━━ Data section

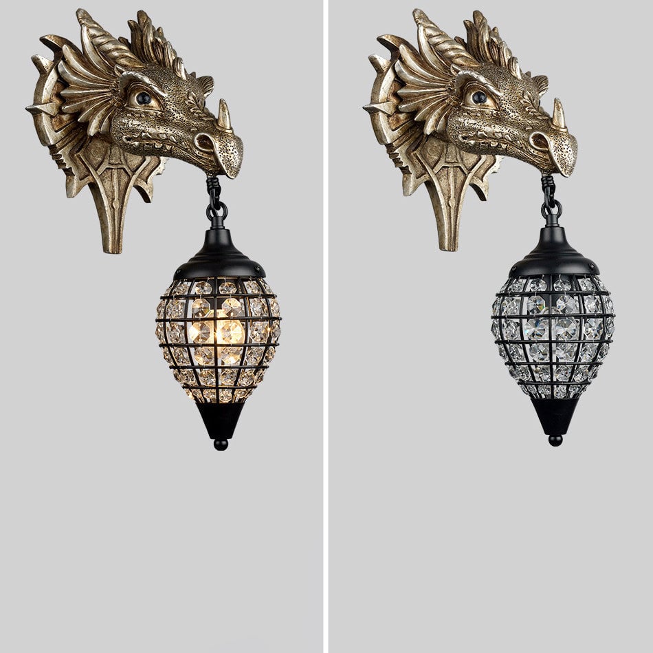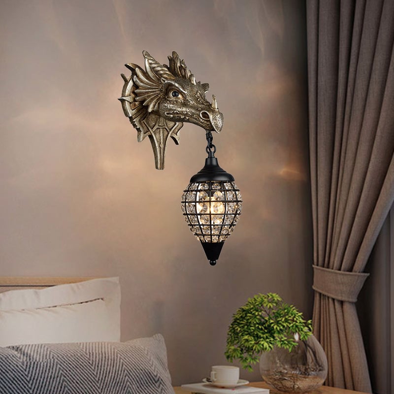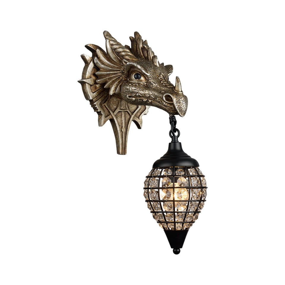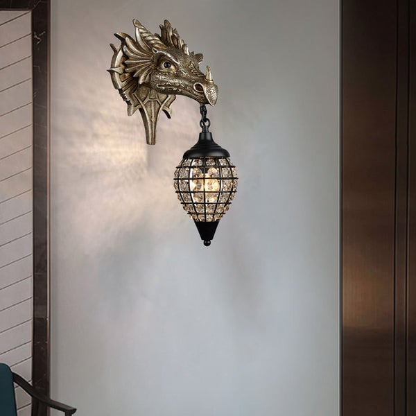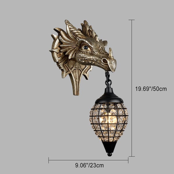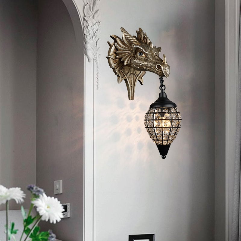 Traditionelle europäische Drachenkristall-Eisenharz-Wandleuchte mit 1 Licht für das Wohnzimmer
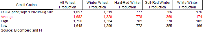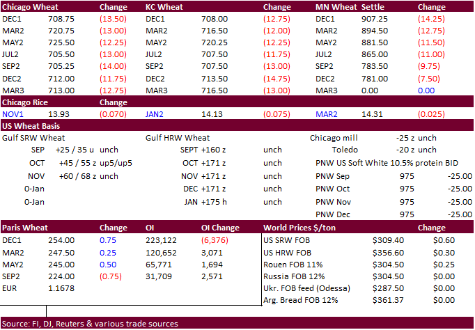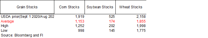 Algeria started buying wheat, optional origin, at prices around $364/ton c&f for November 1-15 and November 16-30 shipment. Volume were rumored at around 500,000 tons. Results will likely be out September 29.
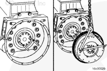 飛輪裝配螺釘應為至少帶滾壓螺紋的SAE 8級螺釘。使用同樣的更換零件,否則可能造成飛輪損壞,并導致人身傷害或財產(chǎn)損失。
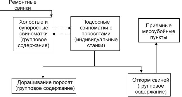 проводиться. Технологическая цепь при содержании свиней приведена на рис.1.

━━━━
━━ Data section

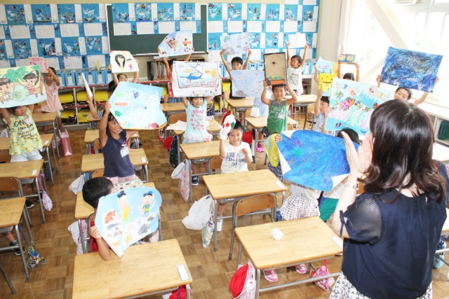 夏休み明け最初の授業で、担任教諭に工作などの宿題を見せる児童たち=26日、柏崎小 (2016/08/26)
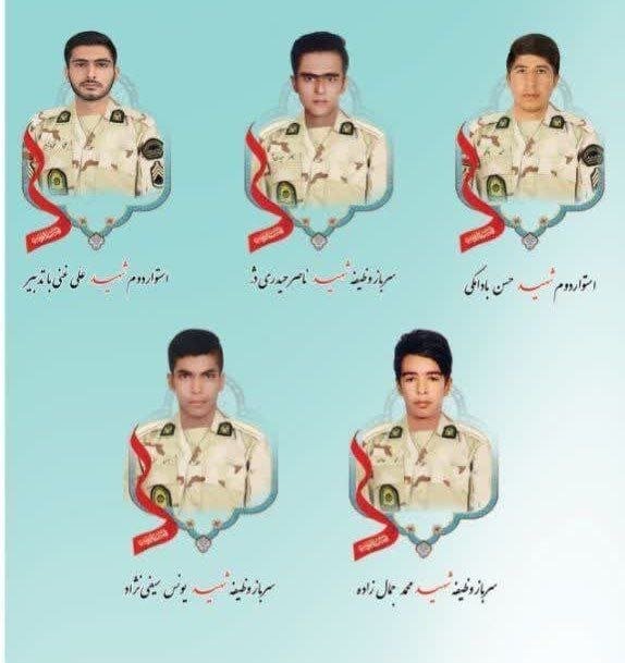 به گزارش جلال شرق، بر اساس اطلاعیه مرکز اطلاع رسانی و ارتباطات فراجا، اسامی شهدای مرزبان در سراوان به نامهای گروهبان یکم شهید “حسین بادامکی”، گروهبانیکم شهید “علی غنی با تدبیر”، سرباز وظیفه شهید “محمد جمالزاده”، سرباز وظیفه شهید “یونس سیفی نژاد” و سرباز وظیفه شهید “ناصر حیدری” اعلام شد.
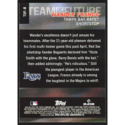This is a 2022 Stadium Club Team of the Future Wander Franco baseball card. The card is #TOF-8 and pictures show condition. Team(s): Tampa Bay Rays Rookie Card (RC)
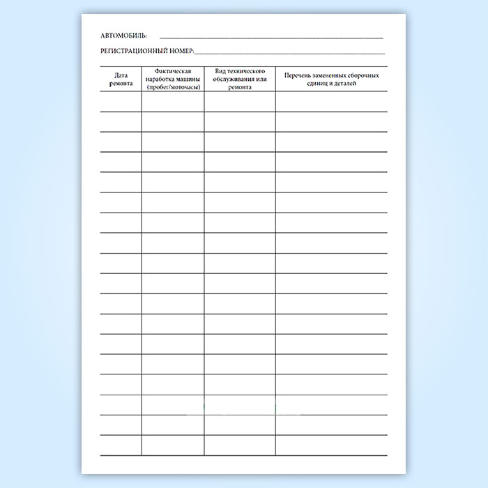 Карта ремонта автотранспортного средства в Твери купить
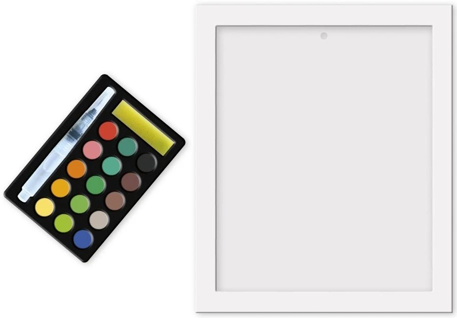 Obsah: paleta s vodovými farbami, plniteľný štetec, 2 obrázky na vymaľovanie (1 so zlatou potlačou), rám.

━━━━

» Problem to work on: Reproduce exactly the lines above starting at the line containing "飛輪裝配螺釘應為至少帶滾壓螺" and ending at the line containing "проводиться. Технологическая цепь", including both, but not the pictures.

» Answer:
 飛輪裝配螺釘應為至少帶滾壓螺紋的SAE 8級螺釘。使用同樣的更換零件,否則可能造成飛輪損壞,并導致人身傷害或財產(chǎn)損失。
 проводиться. Технологическая цепь при содержании свиней приведена на рис.1.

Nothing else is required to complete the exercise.